*Supplied records:*
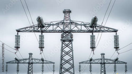 High voltage electrical transmission towers against a dramatic cloudy sky
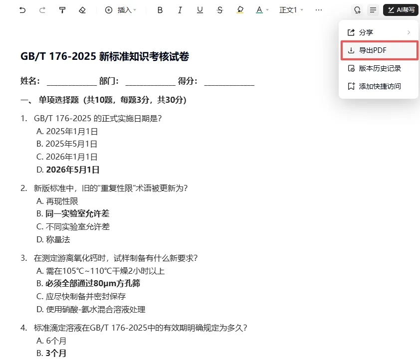 你现在是一位检测公司的技术负责人。请基于这个文档,出一份“GB/T 176-2025《水泥化学分析方法》考核卷”,用于公司内部培训后的考核。
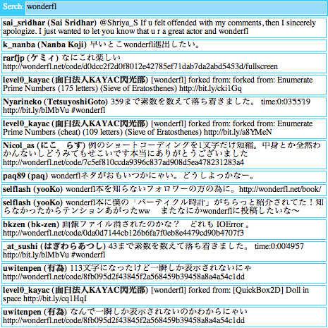 Twitter Search API Method: search * http://apiwiki.twitter.com/Twitter-Search-API-Method%3A-search * * Twitter API 仕様書 (勝手に日本語訳シリーズ) * http://watcher.moe-nifty.com/memo/2007/04/twitter_api.html *
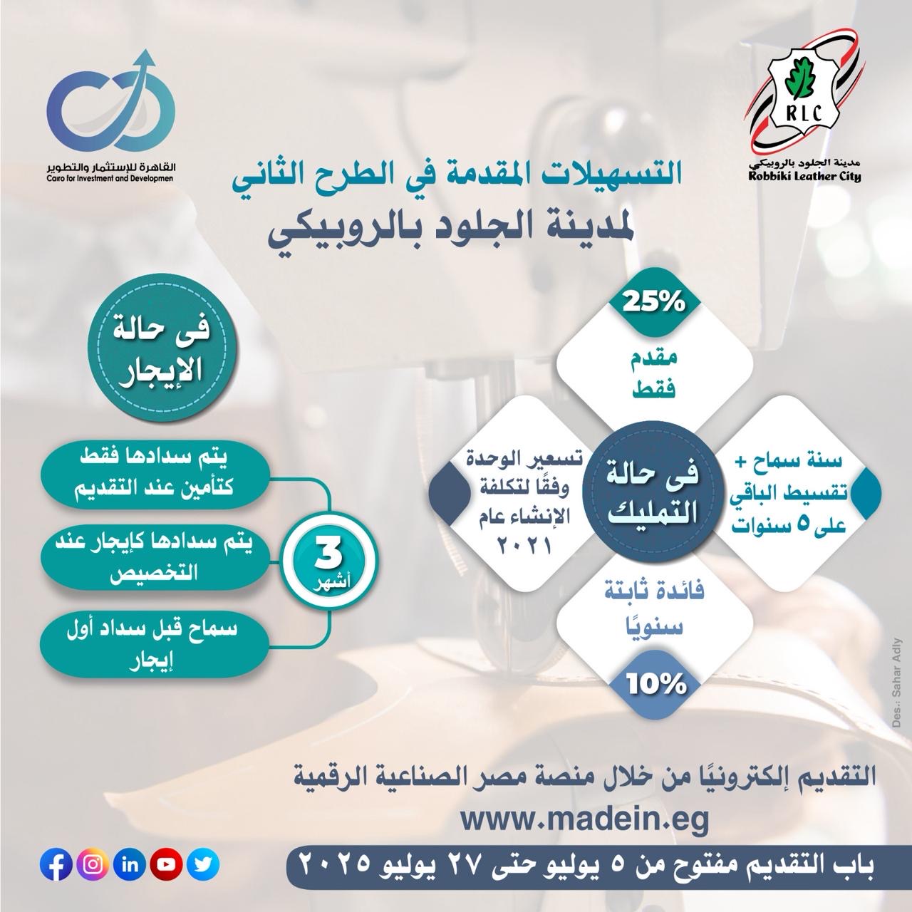وزارة الصناعة: “القاهرة للاستثمار والتطوير” تواصل تلقي طلبات المستثمرين ضمن الطرح الثاني بمدينة الجلود بالروبيكي على 36 مصنعًا جديدًا كامل التجهيزات لإنتاج المصنوعات الجلدية تامة الصنع ، ٢٧ يوليو الجاري آخر موعد لسحب الكراسات والتقديم إلكترونياً على منصة مصر الصناعية الرقمية madein.eg، والطرح بنظامي التمليك والإيجار ، حزمة متكاملة من …
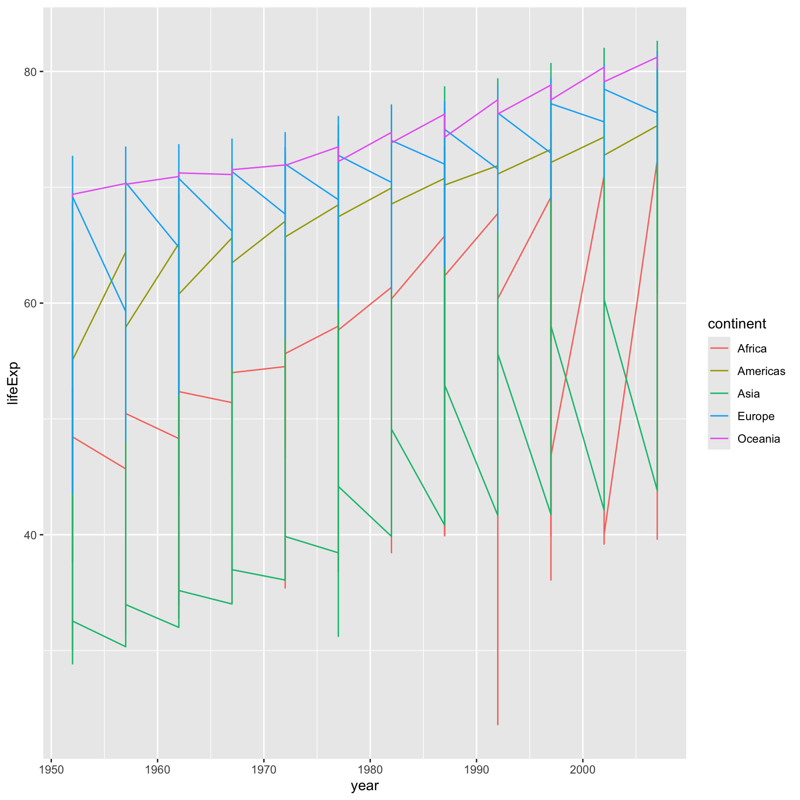 gm |> ggplot(aes(x = year, y = gdpPercap, color = continent, group = country)) +

*The task:* Repeat the records in full, exactly as they appear, without the pictures.

*Response to this exercise:*
 High voltage electrical transmission towers against a dramatic cloudy sky
 你现在是一位检测公司的技术负责人。请基于这个文档,出一份“GB/T 176-2025《水泥化学分析方法》考核卷”,用于公司内部培训后的考核。
 Twitter Search API Method: search * http://apiwiki.twitter.com/Twitter-Search-API-Method%3A-search * * Twitter API 仕様書 (勝手に日本語訳シリーズ) * http://watcher.moe-nifty.com/memo/2007/04/twitter_api.html *
وزارة الصناعة: “القاهرة للاستثمار والتطوير” تواصل تلقي طلبات المستثمرين ضمن الطرح الثاني بمدينة الجلود بالروبيكي على 36 مصنعًا جديدًا كامل التجهيزات لإنتاج المصنوعات الجلدية تامة الصنع ، ٢٧ يوليو الجاري آخر موعد لسحب الكراسات والتقديم إلكترونياً على منصة مصر الصناعية الرقمية madein.eg، والطرح بنظامي التمليك والإيجار ، حزمة متكاملة من …
 gm |> ggplot(aes(x = year, y = gdpPercap, color = continent, group = country)) +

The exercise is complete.